The timestamp-based snapshots allow reading data in a consistent manner by using a user-specified timestamp rather than the usual MVCC snapshot. You can use this to access data on different BDR nodes at a common point in time. For example, you can use this as a way to compare data on multiple nodes for data-quality checking.

This feature doesn't currently work with write transactions.

Enable the use of timestamp-based snapshots using the snapshot_timestamp parameter. This parameter accepts either a timestamp value or a special value, 'current', which represents the current timestamp (now). If snapshot_timestamp is set, queries use that timestamp to determine visibility of rows rather than the usual MVCC semantics.

For example, the following query returns the state of the customers table at 2018-12-08 02:28:30 GMT:

SET snapshot_timestamp = '2018-12-08 02:28:30 GMT';
SELECT count(*) FROM customers;

Without BDR, this works only with future timestamps or the special 'current' value, so you can't use it for historical queries.

BDR works with and improves on that feature in a multi-node environment. First, BDR makes sure that all connections to other nodes replicate any outstanding data that was added to the database before the specified timestamp. This ensures that the timestamp-based snapshot is consistent across the whole multi-master group. Second, BDR adds a parameter called bdr.timestamp_snapshot_keep. This specifies a window of time when you can execute queries against the recent history on that node.

You can specify any interval, but be aware that VACUUM (including autovacuum) doesn't clean dead rows that are newer than up to twice the specified interval. This also means that transaction ids aren't freed for the same amount of time. As a result, using this can leave more bloat in user tables. Initially, we recommend 10 seconds as a typical setting, although you can change that as needed.

Once the query is accepted for execution, the query might run for longer than bdr.timestamp_snapshot_keep without problem, just as normal.

Also, information about how far the snapshots were kept doesn't survive server restart. The oldest usable timestamp for the timestamp-based snapshot is the time of last restart of the PostgreSQL instance.

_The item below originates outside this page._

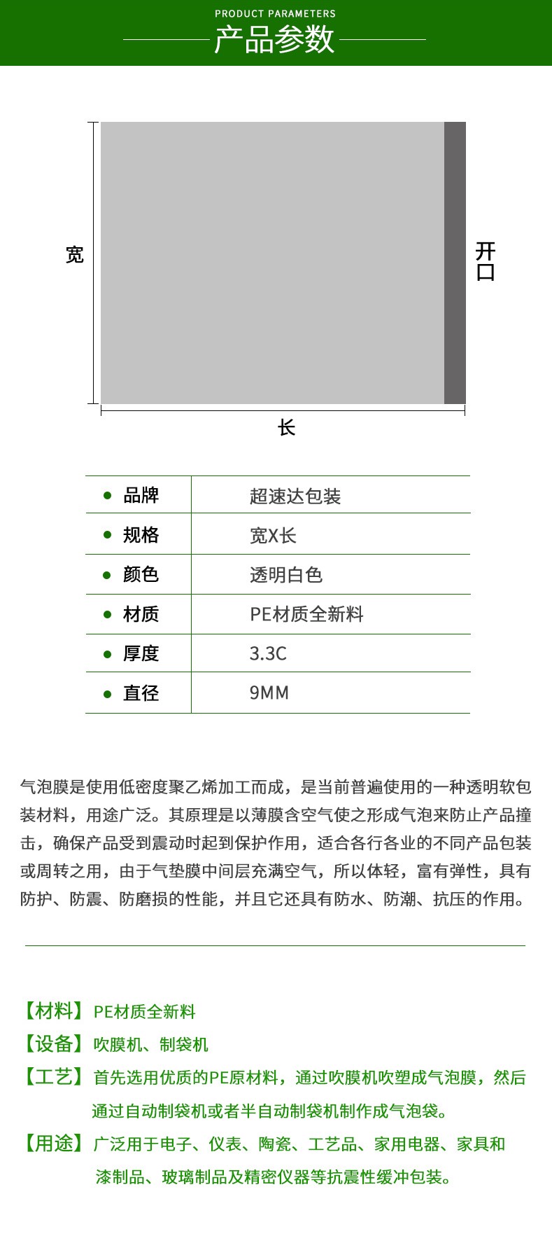 氣泡袋,又叫氣墊膜,氣珠膜,氣泡膜,氣泡紙,是采用LDPE低密度聚億烯樹脂加工而成。氣泡袋分為單面和雙面兩種,單面氣泡袋適宜保護自身重量較輕的產(chǎn)品,雙面氣泡袋防震力強適合體積較大較重之物品包裝。單、雙面氣泡袋均適合各行業(yè)產(chǎn)品的包裝如做袋、切片。單、雙面氣泡袋可設(shè)防靜電氣泡袋,以及不同顏色、印刷.還可復(fù)合其它材料增加保護性及美觀。主要產(chǎn)品有單面氣泡袋、雙面氣泡袋、加厚氣泡袋、紅色氣泡袋、白色氣泡袋、防靜電氣泡袋。

You can combine the use of bdr.timestamp_snapshot_keep with the postgres_fdw extension to get a consistent read across multiple nodes in a BDR group. You can use this to run parallel queries across nodes, when used with foreign tables.

There are no limits on the number of nodes in a multi-node query when using this feature.

Use of timestamp-based snapshots doesn't increase inter-node traffic or bandwidth. Only the timestamp value is passed in addition to query data.